Pennington Biomedical Research Center, Baton Rouge, Louisiana 70808-4124, USA.
OBJECTIVE: To compare the effects of testosterone enanthate (TE), anabolic steroid (AS) or placebo (PL) on regional fat distribution and health risk factors in obese middle-aged men undergoing weight loss by dietary means.
DESIGN: Randomized, double-blind, placebo-controlled clinical trial, carried out for 9 months with primary assessments at 3 month intervals. Due to adverse blood lipid changes, the AS group was switched from oral oxandrolone (ASOX) to parenteral nandrolone decaoate (ASND) after the 3 month assessment point. SUBJECTS: Thirty healthy, obese men, aged 40-60 years, with serum testosterone (T) levels in the low-normal range (2-5 ng/mL).
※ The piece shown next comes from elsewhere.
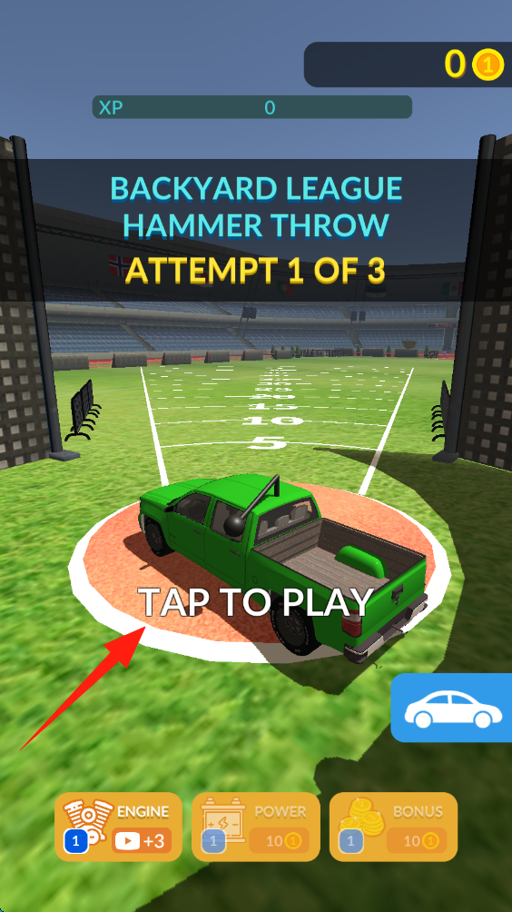 1、点击TAP-TO-PLAY,开始BACKYARD-LEAGUE的hammer-throw挑战,进入第一回合投掷。

MAIN OUTCOME MEASURES: Abdominal fat distribution and thigh muscle volume by CT scan, body composition by dual energy X-ray absorptiometry (DEXA), insulin sensitivity by the Minimal Model method, blood lipids, blood chemistry, blood pressure, thyroid hormones and urological parameters.
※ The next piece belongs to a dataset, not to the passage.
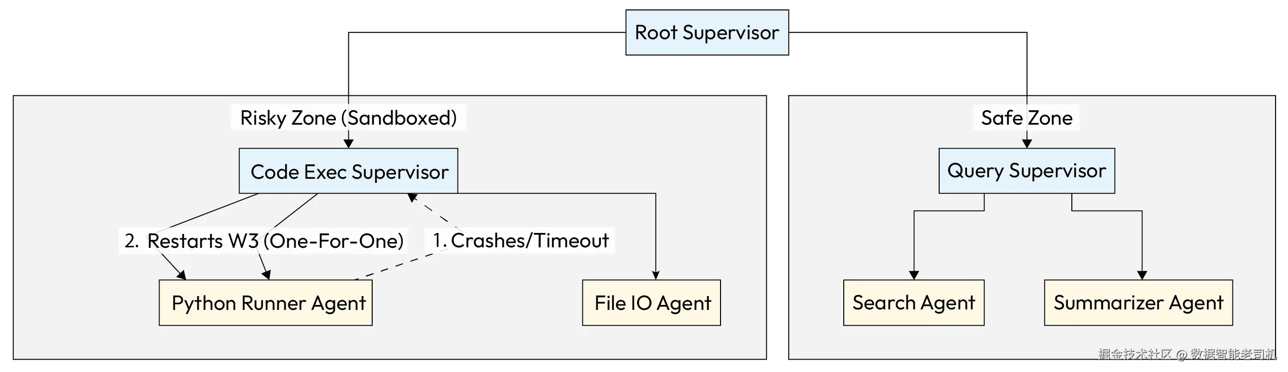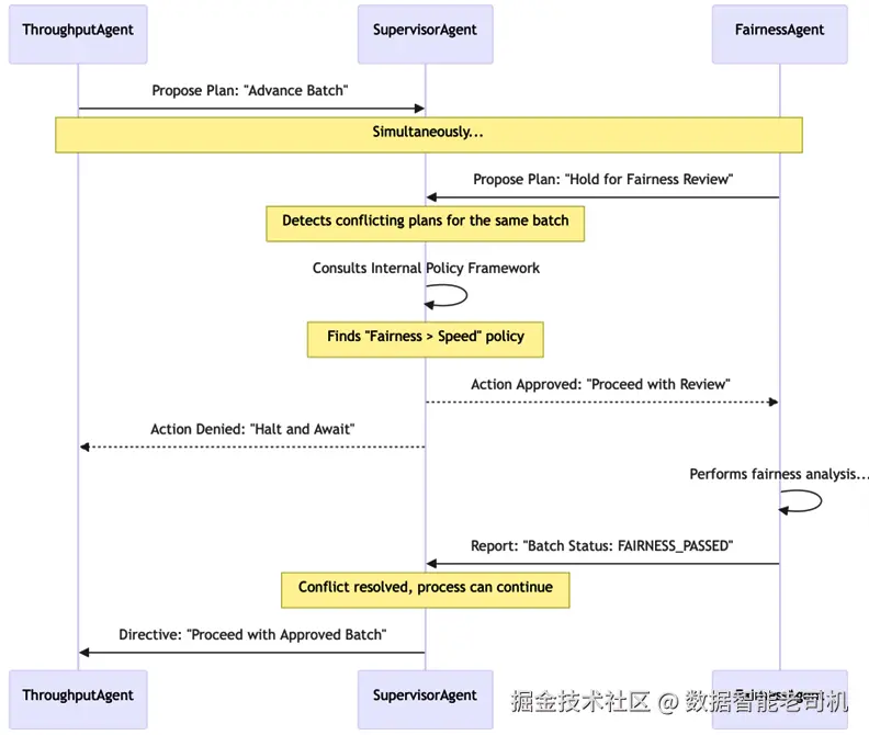 例如,当两个智能体登记要使用同一稀缺资源时,监督者可立即标记冲突。其他方法包括资源锁(智能体对即将使用的资源加锁),或要求智能体在执行前先把意图动作注册到共享空间。

RESULTS: After 3 months, there was a significantly greater decrease in subcutaneous (SQ) abdominal fat in the ASOX group compared to the TE and PL groups although body weight changes did not differ by treatment group. There was also a tendency for the ASOX group to exhibit greater losses in visceral fat, and the absolute level of visceral fat in this group was significantly lower at 3 months than in the TE and PL groups. There were significant main effects of treatment at 3 months on serum T and free T (increased in the TE group and decreased in the ASOX group) and on thyroid hormone parameters (T4 and T3 resin uptake significantly decreased in the ASOX group compared with the other two groups). There was a significant decrease in HDL-C, and increase in LDL-C in the ASOX group, which led to their being switched to the parenteral nandrolone decanoate (ASND) after 3 months. ASND had opposite effects on visceral fat from ASOX, producing a significant increase from 3 to 9 months while continuing to decrease SQ abdominal fat. ASND treatment also decreased thigh muscle area, while ASOX treatment increased high muscle. ASND reversed the effects of ASOX on lipoproteins and thyroid hormones. The previously reported effect of T to decrease visceral fat was not observed, in fact, visceral fat in the TE group increased slightly from 3 to 9 months, although SQ fat continued to decrease. Neither TE nor AS treatment resulted in any change in urologic parameters.
CONCLUSIONS: Oral oxandrolone decreased SQ abdominal fat more than TE or weight loss alone and also tended to produce favorable changes in visceral fat. TE and ASND injections given every 2 weeks had similar effects to weight loss alone on regional body fat. Most of the beneficial effects observed on metabolic and cardiovascular risk factors were due to weight loss per se. These results suggest that SQ and visceral abdominal fat can be independently modulated by androgens and that at least some anabolic steroids are capable of influencing abdominal fat.